Over the past decade, as concern about climate change has grown, the nuclear power industry has worked overtime to position itself as a “clean and green” alternative to fossil fuels.

Nuclear fission itself does not produce carbon emissions. But when the full impact of the whole nuclear chain is accounted for, emissions from nuclear equate roughly with those of gas power. In Japan, extensive modelling has already demonstrated that renewables could replace the entire reactor fleet.

Many world leaders, including Barack Obama, also argue that nuclear helps provide “energy security” in an increasingly hostile world.

Imperialist competition between nations means some want develop an industry they can control over relying on imports from competitor nations. When compared with coal and gas, only small amounts of uranium fuel need to be imported to run power stations. The lack of fossil fuels in Japan was part of the reason Japanese rulers were attracted to nuclear power.

It is the enduring geo-strategic advantages gained from nuclear that explain why it is the “alternative” being pushed by global elites. The US is planning to build more than 20 new reactors at the same time as they undertake an $80 billion “modernisation” of their nuclear weapons arsenal and a $100 billion investment in upgrading nuclear delivery systems like nuclear armed submarines.
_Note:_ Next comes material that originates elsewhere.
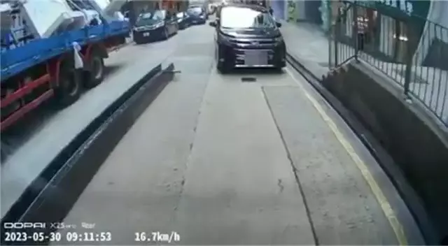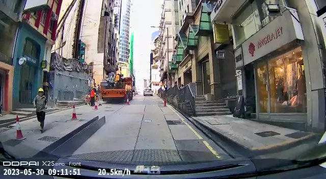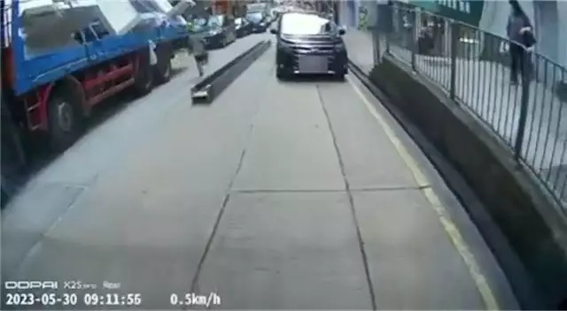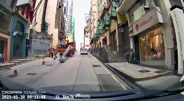 中環30日發生驚險事件。早上9時許,多名工人在威靈頓街的路邊工作期間,貨車上一條長約4米的工字鐵突然跌出車外,之後更沿斜路一直「瀡」,險些撞到工人和途經車輛,可謂險象環生。

Under capitalism, the drive to exercise control over other countries and wage wars for economic interests leads to the production of deadlier and deadlier weaponry to intimidate rivals and wage deadlier wars. Evidence points to the use of depleted uranium rounds by US troops in the Iraqi city of Fallujah—designed to break through walls and kill those inside. Doctors in Fallujah are reporting escalating infant mortality and cancers. The fallout from depleted uranium lasts for thousands of years. And the US hasn’t stopped—there are reports troops are using uranium-tipped weapons in the “humanitarian intervention” Libya.

The horror unleashed at Fukushima is reason enough to get rid of nuclear for good. But the world’s rulers are pushing ahead with new fossil fuels, nuclear power and nuclear weapons developments completely undeterred by the catastrophic consequences for people and the planet. The vested interests at the core of this toxic global system need to be challenged head on. We need a world based on sustainability and solidarity—not one based on weapons and war.